FL Configurations

In this notebook, we will showcase how to load and set configurations for federated learning (FL) server and clients in order to launch FL experiments.

Load Configuration from a YAML File

APPFL employes OmegaConf package, a hierarchical configuration system, for loading configurations for FL server and clients from YAML files.

For example, examples/resources/configs/mnist/server_fedavg.yaml contains the server configurations for an FL experiment on the MNIST dataset using the FedAvg server aggregation algorithm.

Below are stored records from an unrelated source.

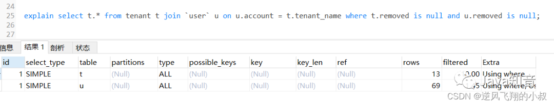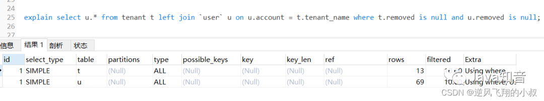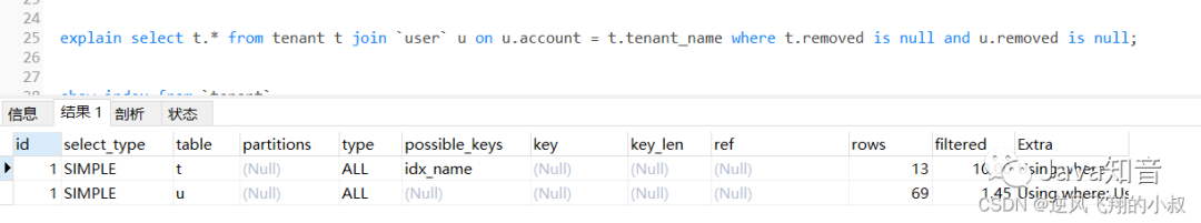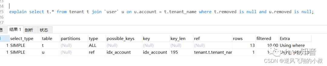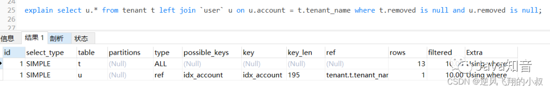 通过explain分析可以发现,左边的表走了全表扫描,可以考虑给左边的表的tenant_name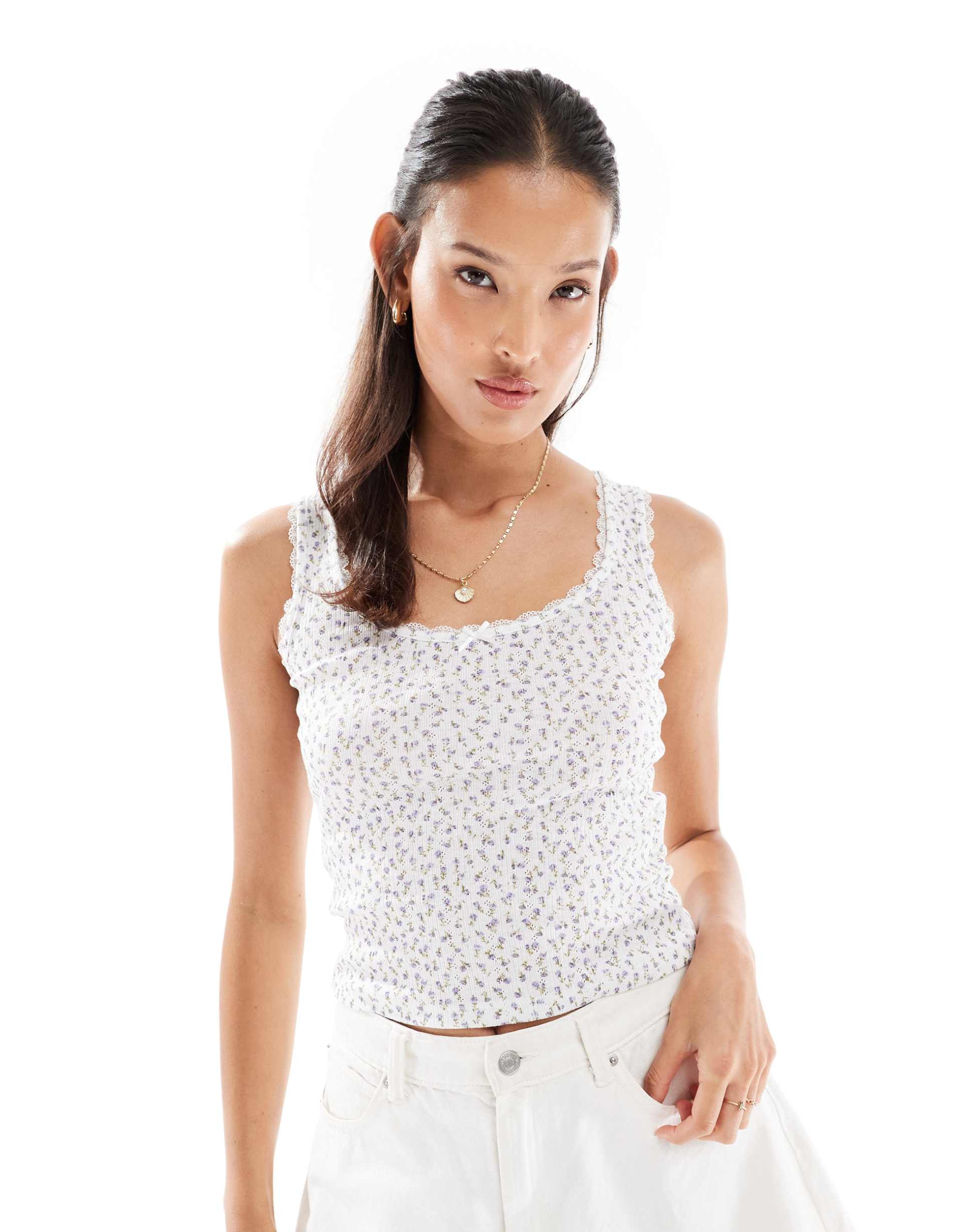 MISS SELFRIDGE LACE TRIM POINTELLE TANK TOP IN MICRO FLORAL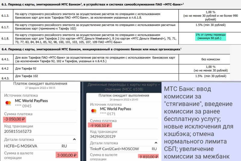 ● Самое главное: МТС Банк стал «антидонором», т.е. за стягивание денег сторонним банком берёт комиссию — 1%, мин. 50 ₽.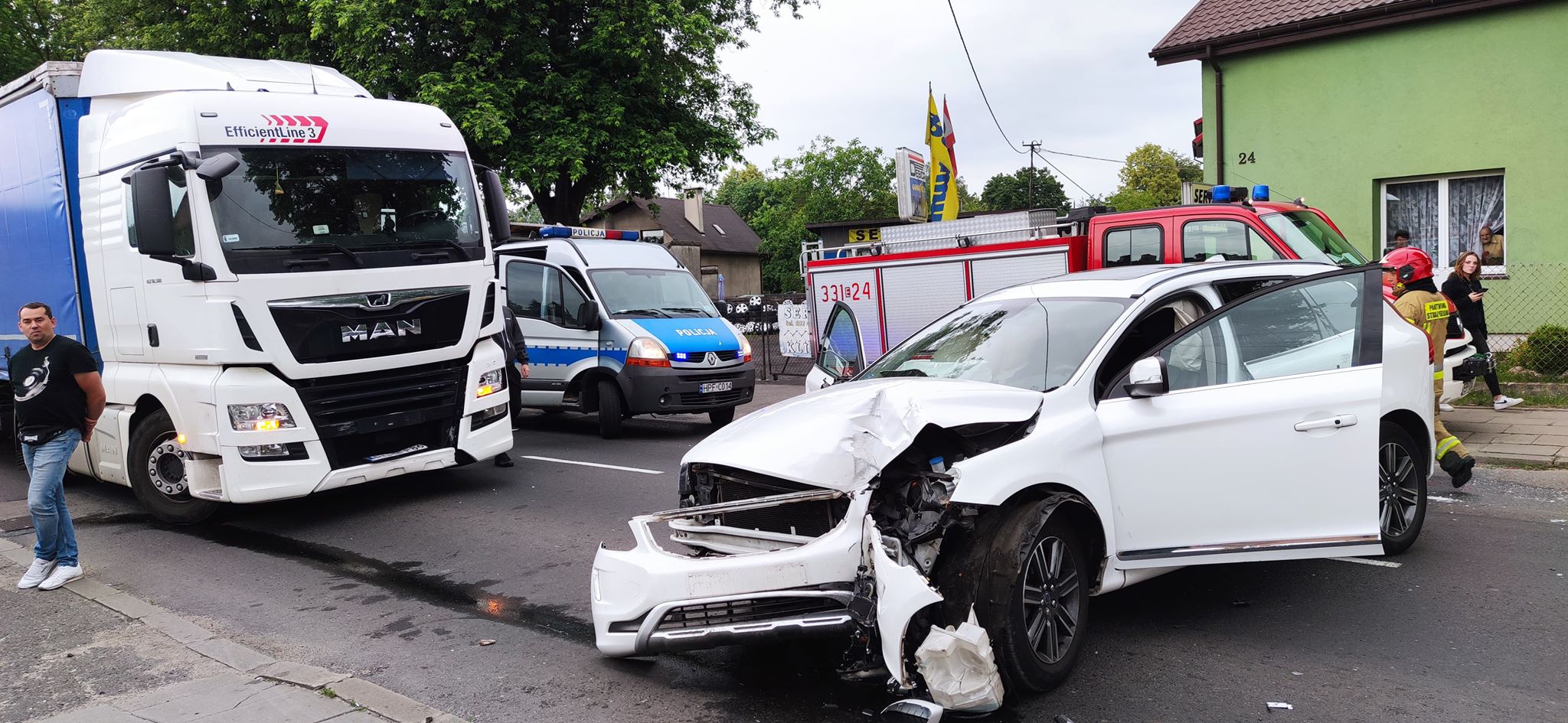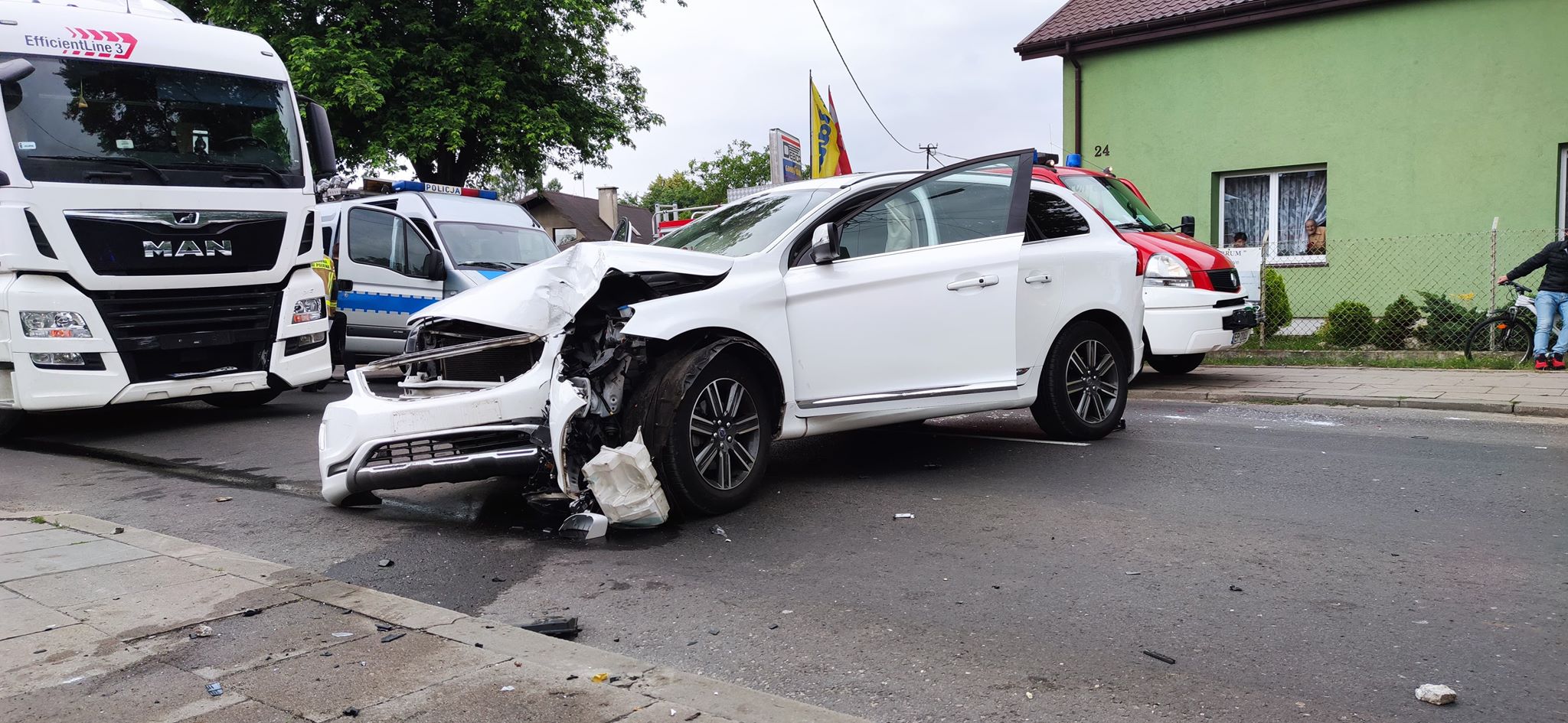 W środę przed wieczorem, z niewyjaśnionych przyczyn kierowca osobowego volvo uderzył w słup energetyczny. W wypadku brała działa także udział ciężarówka MAN. W wyniku zdarzenia, kierowca i pasażerka osobówki trafili do szpitala. W dwóch miejscach zerwana była linia energetyczna, w związku z tym mieszkańcy najbliższej okolicy, do północy pozbawieni byli zasilania energetycznego.

As shown below, the configuration file is primarily composed of two main

  • client_configs

  • server_configs

Does it look a bit confusing that the server configuration file also contains client_configs at the initial look? This is because, in federated learning, we usually want certain client-side configurations to be the same among all the clients, for example, the local trainer and its corresponding hyperparameters, the ML model architecture, and the compression settings. Therefore, it becomes much more convenient to first specify all those settings and configurations on the server side to ensure uniformity, and then send those configurations to all clients at the beginning of the FL experiment.

[1]:
from omegaconf import OmegaConf

server_config_file = "../../examples/resources/configs/mnist/server_fedavg.yaml"
server_config = OmegaConf.load(server_config_file)
print("============Level one configuration fields============")
for key in server_config:
    print(key)
print("============Detailed server configurations============")
print(OmegaConf.to_yaml(server_config))
print("======================================================")
============Level one configuration fields============
client_configs
server_configs
============Detailed server configurations============
client_configs:
  train_configs:
    trainer: VanillaTrainer
    mode: step
    num_local_steps: 100
    optim: Adam
    optim_args:
      lr: 0.001
    loss_fn_path: ./resources/loss/celoss.py
    loss_fn_name: CELoss
    do_validation: true
    do_pre_validation: true
    metric_path: ./resources/metric/acc.py
    metric_name: accuracy
    use_dp: false
    epsilon: 1
    clip_grad: false
    clip_value: 1
    clip_norm: 1
    train_batch_size: 64
    val_batch_size: 64
    train_data_shuffle: true
    val_data_shuffle: false
  model_configs:
    model_path: ./resources/model/cnn.py
    model_name: CNN
    model_kwargs:
      num_channel: 1
      num_classes: 10
      num_pixel: 28
  comm_configs:
    compressor_configs:
      enable_compression: false
      lossy_compressor: SZ2Compressor
      lossless_compressor: blosc
      error_bounding_mode: REL
      error_bound: 0.001
      param_cutoff: 1024
server_configs:
  num_clients: 2
  scheduler: SyncScheduler
  scheduler_kwargs:
    same_init_model: true
  aggregator: FedAvgAggregator
  aggregator_kwargs:
    client_weights_mode: equal
  device: cpu
  num_global_epochs: 10
  logging_output_dirname: ./output
  logging_output_filename: result
  comm_configs:
    grpc_configs:
      server_uri: localhost:50051
      max_message_size: 1048576
      use_ssl: false

======================================================

Client Configurations

For client configurations that are shared among all clients, it is composed of three main components:

  • train_configs: This component contains all training-related configurations, which can be further classified into the following sub-components:

    • Trainer configurations: It should be noted that the required trainer configurations depend on the trainer you use. You can also define your own trainer with any additional configurations you need, and then provide those configurations under client_config.train_configs in the server configuration yaml file.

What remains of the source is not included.